- IATA: SUW; ICAO: KSUW; FAA LID: SUW;

Summary
- Airport type: Public
- Owner: City of Superior
- Serves: Superior, Wisconsin
- Opened: October 1937
- Time zone: CST (UTC−06:00)
- • Summer (DST): CDT (UTC−05:00)
- Elevation AMSL: 674 ft / 205 m
- Coordinates: 46°41′23″N 092°05′41″W﻿ / ﻿46.68972°N 92.09472°W
- Public transit access: DTA

Map
- SUW Location of airport in WisconsinSUWSUW (the United States)

Runways
| Direction | Length |  | Surface |
| ft | m |
| 4/22 | 5,100 | 1,554 | Asphalt |
| 14/32 | 4,001 | 1,220 | Asphalt |

Statistics
- Aircraft operations (2022): 19,250
- Based aircraft (2024): 46
- Source: Federal Aviation Administration

= Richard I. Bong Airport =

Richard I. Bong Airport is a city-owned public-use airport located three nautical miles (6 km) south of the central business district of Superior, a city in Douglas County, Wisconsin, United States. It is included in the Federal Aviation Administration (FAA) National Plan of Integrated Airport Systems for 2025–2029, in which it is categorized as a local general aviation facility.

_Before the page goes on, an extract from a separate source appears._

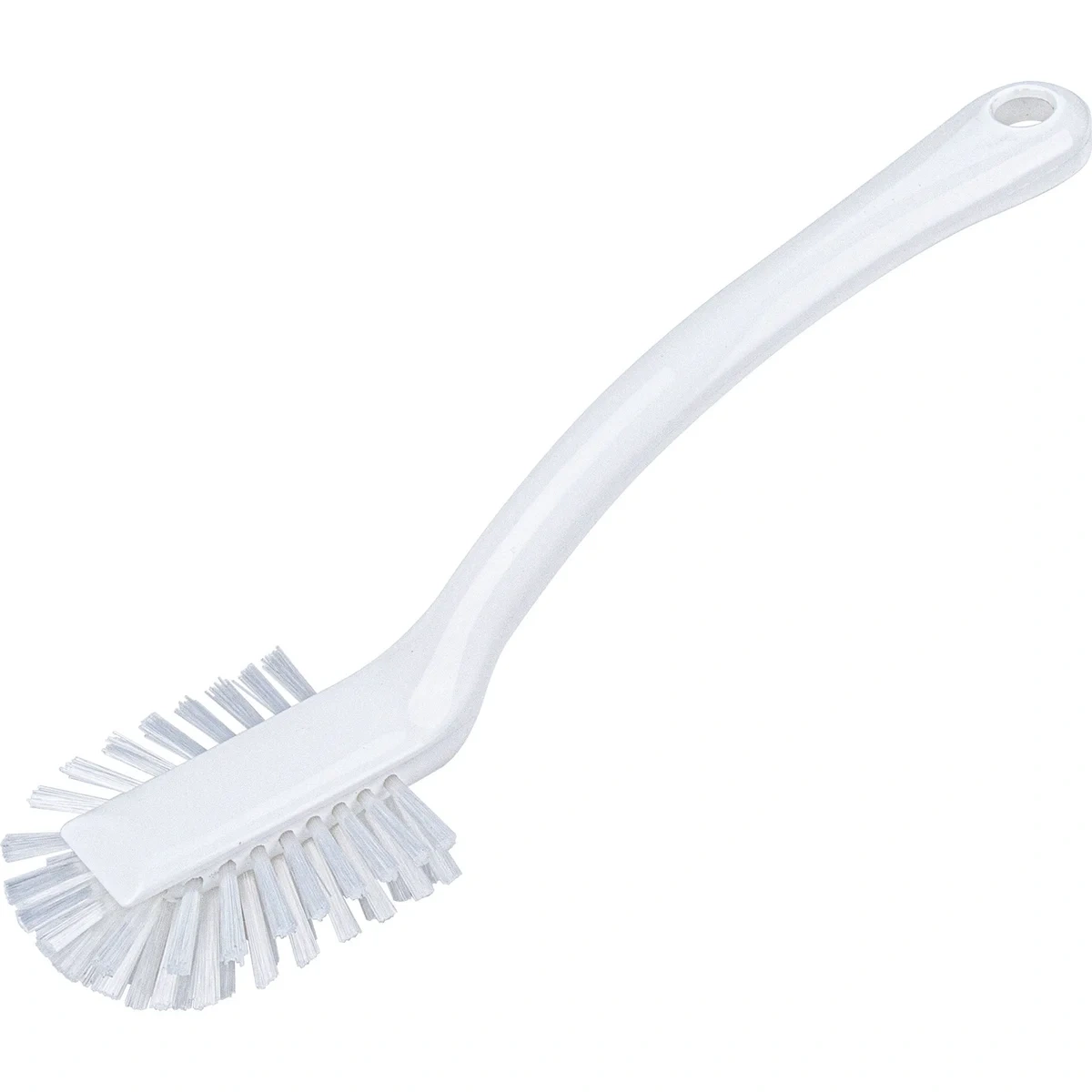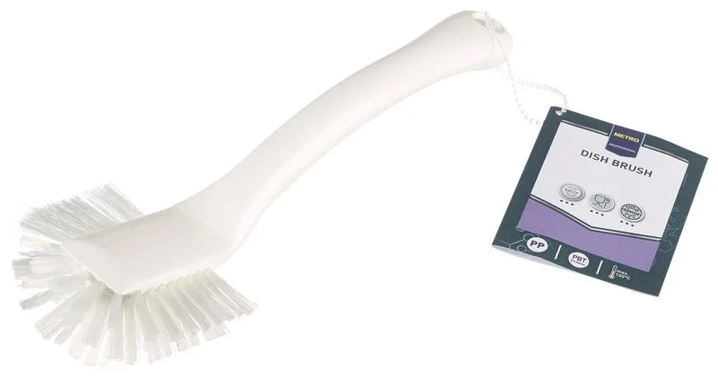 METRO PROFESSIONAL Щетка для посуды белая выполнена из полипропилена и имеет щетину средней жесткости, с помощью которой легко, но деликатно удаляются самые стойкие загрязнения с посуды. Щетка для мытья посуды с пластиковой ручкой имеет удобное отверстие для подвеса.

Also known as Richard I. Bong Memorial Airport, it is named after World War II fighter pilot Richard I. Bong, the highest scoring U.S. fighter ace in history.

== Facilities and aircraft ==
Richard I. Bong Airport covers an area of 654 acres (265 ha) at an elevation of 674 feet (205 m) above mean sea level. It has two asphalt paved runways: the primary runway 4/22 is 5,100 by 75 feet (1,554 x 23 m) and the crosswind runway 14/32 is 4,001 by 75 feet (1,220 x 23 m), all with approved GPS approaches.

For the 12-month period ending August 24, 2022, the airport had 19,250 aircraft operations, an average of 53 per day: 96% general aviation, 4% air taxi and less than 1% military.
In August 2024, there were 46 aircraft based at this airport: 38 single-engine and 8 multi-engine.

The BONG (SUW) non-directional beacon, 260 kHz, is located on field.